From 2015 to 2022, "Microservices" was the resume-padding buzzword of choice. Startups with 5 users were deploying 20 services via Kubernetes. It was complexity for complexity's sake. In 2026, the pendulum has swung back.
The "Distributed Monolith" Trap
Most companies didn't build microservices; they built a distributed monolith. They took function calls (which take nanoseconds) and turned them into HTTP requests (which take milliseconds) over a flaky network.
The "Whoops" Moment
"We spent more time debugging distributed tracing and managing Terraform state files than we did building product features." — Every CTO in 2024.
Enter the Modular Monolith
At elitics.io, we default to the Modular Monolith.
Single Deployment Unit
One CI/CD pipeline.
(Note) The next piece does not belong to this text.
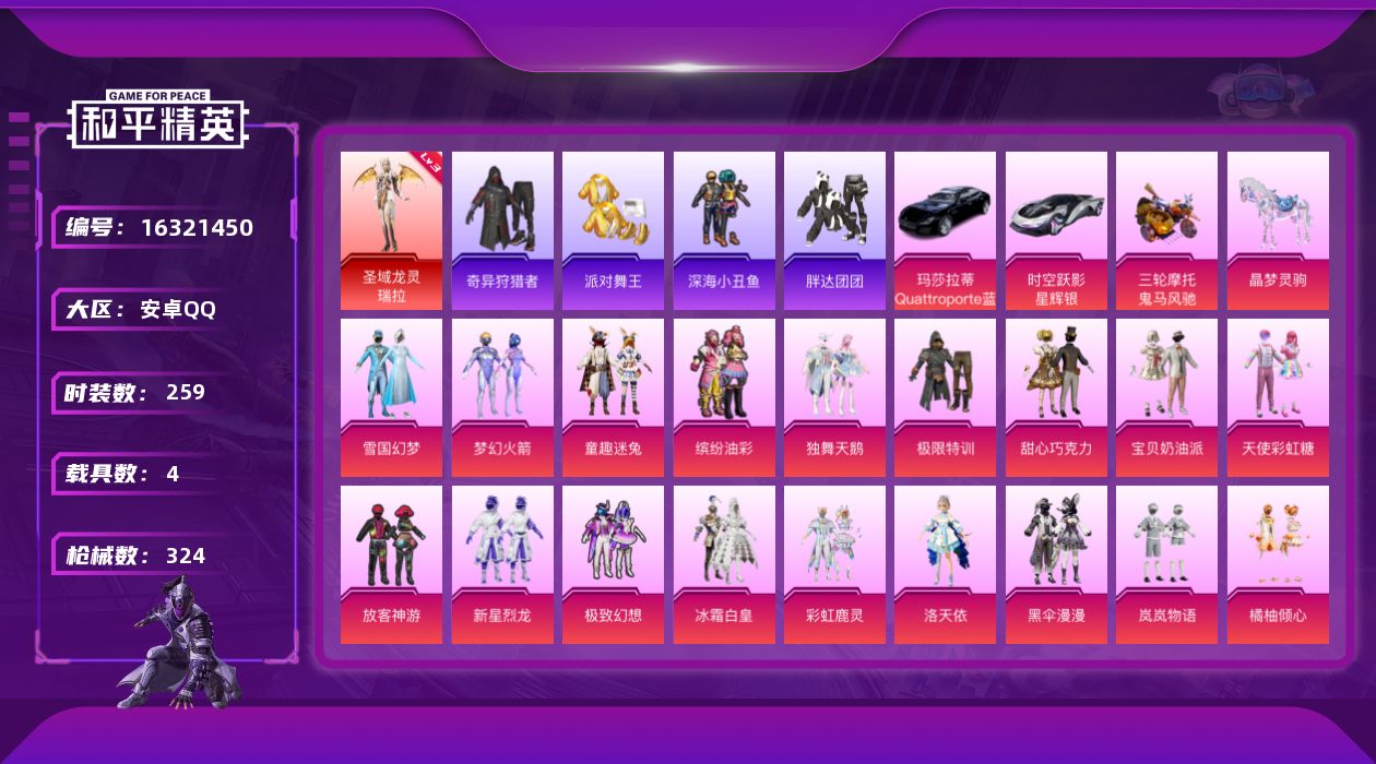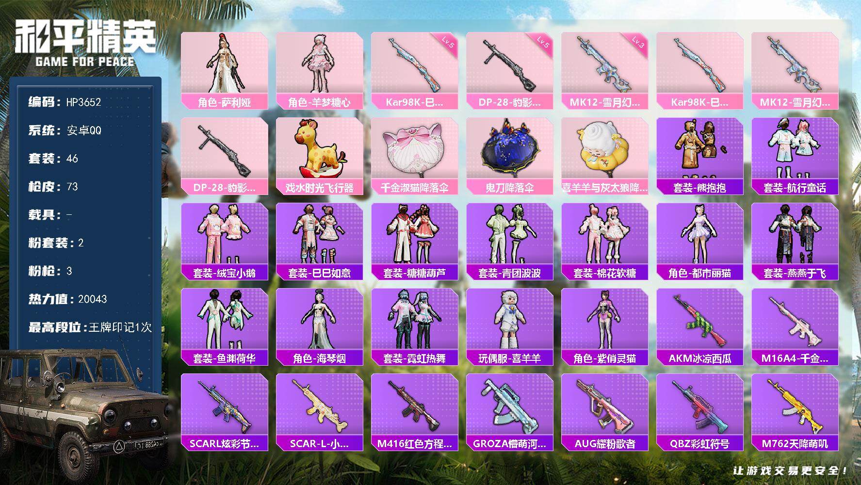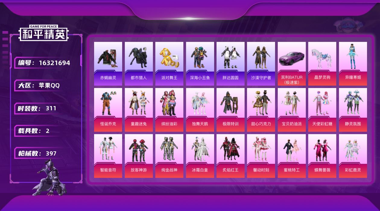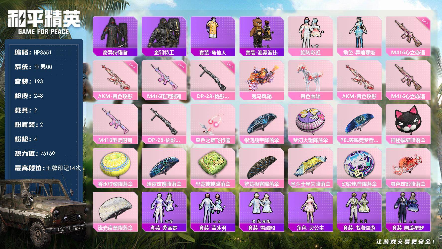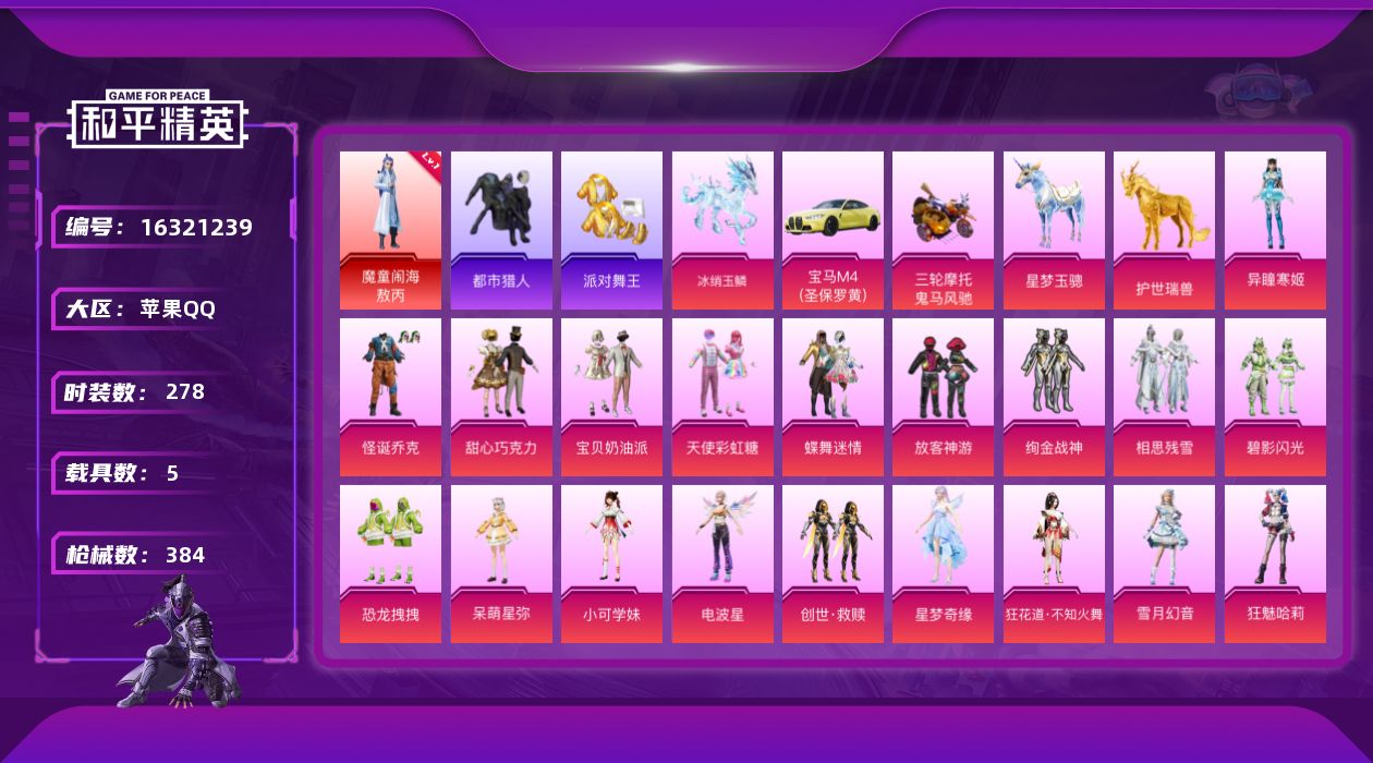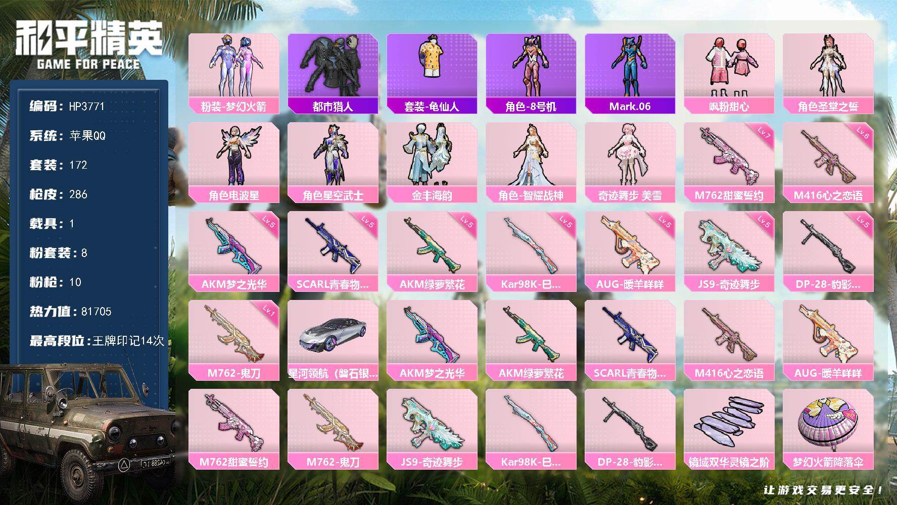 a4270/苹果QQ/2王牌印记-7粉装-6特效枪-2载具-71726热力值-172套装-221枪皮

One database (logically separated). Atomic commits.
Strict Boundaries
Code is organized into modules (Billing, Users, Inventory) that interact via public interfaces, not backdoor SQL joins. It enforces discipline without the network lag.
When to actually split?
We only extract a service when it has a vastly different scaling profile.
// Good reason to split:
"The Video Transcoding module eats 100% CPU and crashes the API server." -> Move to Worker Service.
// Bad reason to split:
"We want the User Profile team to have their own repo." -> Use a Monorepo.
Simplicity scales better than complexity. Don't build Google's infrastructure unless you have Google's problems (and budget).